For the international scissors industry, Certibiocide matters because it creates demand for disinfection-compatible tools and may influence regulations in other EU countries.
CAP Coiffure: how French stylists are trained
The French hairdressing education system begins with the CAP Coiffure (Certificat d’Aptitude Professionnelle), a formal apprenticeship qualification. Students learn scissor handling, anatomy, technique, and tool maintenance as part of a structured national curriculum.
This means French stylists enter the profession with standardized training on how to hold, maintain, and choose their scissors. The CAP system includes specific instruction on different blade types, handle configurations, and the differences between thinning and texturizing tools.
Official training materials from institutions like the Académie d’Amiens cover scissor anatomy, cutting technique foundations, and tool care protocols. This level of formalized tool education at the entry level is more structured than what most American cosmetology programs provide.
What this market teaches us
Domestic service infrastructure matters. Takai’s success in France is not just about product quality. Having a resharpening center in Fréjus, with one-week turnaround, removes a major barrier to owning Japanese shears.
Ergonomic innovation can come from anywhere. Exthand’s ringless design came out of France, not Japan or Germany. The backing of French occupational health authorities gives it credibility that a pure marketing claim would lack.

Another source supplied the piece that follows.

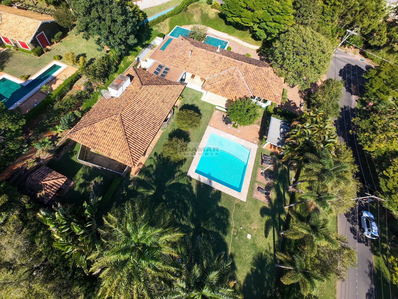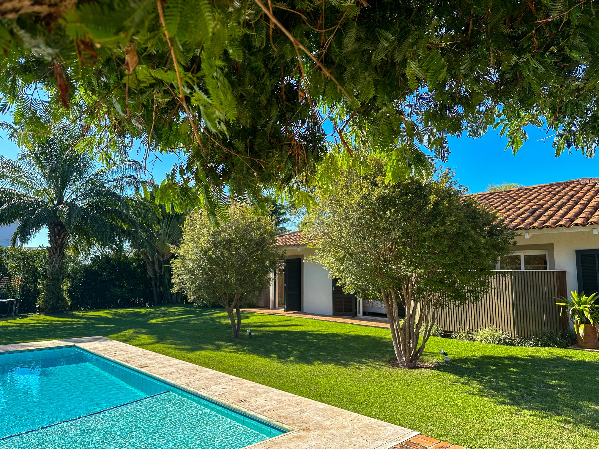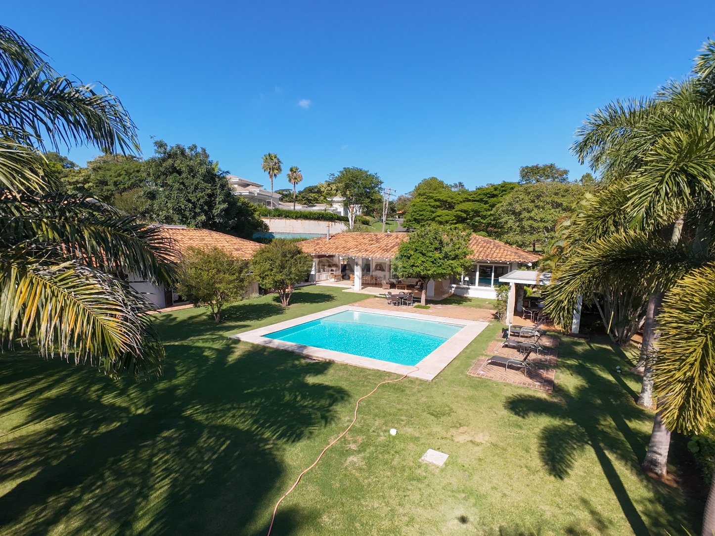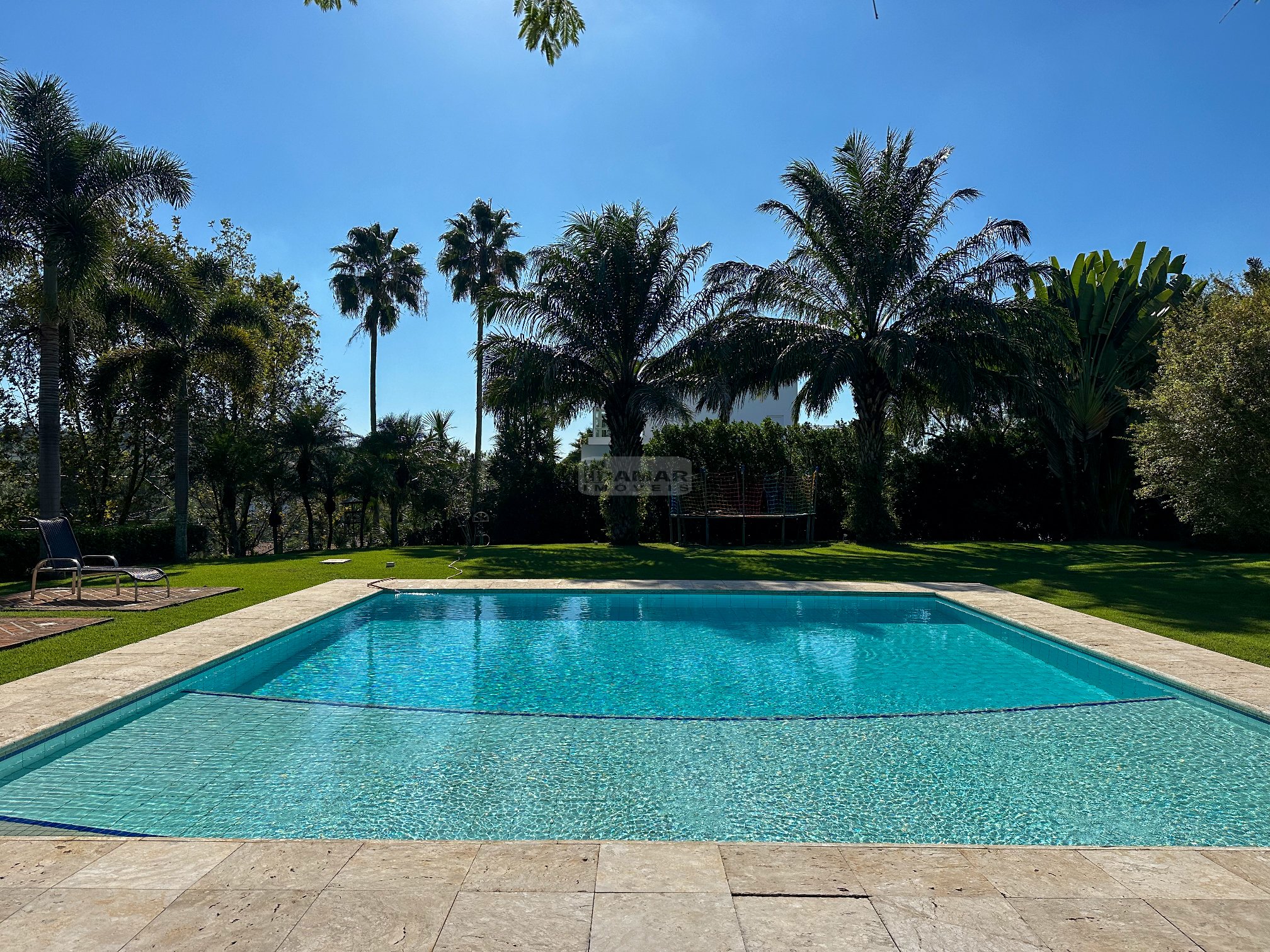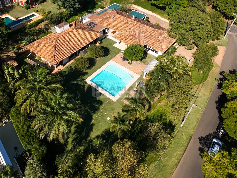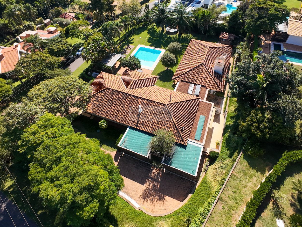 Totalmente térrea, 5 suítes, espaço gourmet integrado à área social, sauna, piscina aquecida e total privacidade, num terreno se esquina de aproximadamente 2.800m² e uma área construída de 680m².

Regulation shapes tool choices. Certibiocide will push French stylists toward scissors and coatings that are compatible with approved disinfection methods. If your tools corrode under the required cleaning protocol, you need different tools.
Average price does not equal quality ceiling. The French average of roughly 52 euros per pair reflects the broad market, not the top end. Premium Japanese and German shears are available and popular, but the mid-tier segment is larger and more price-conscious than in Japan or the United States.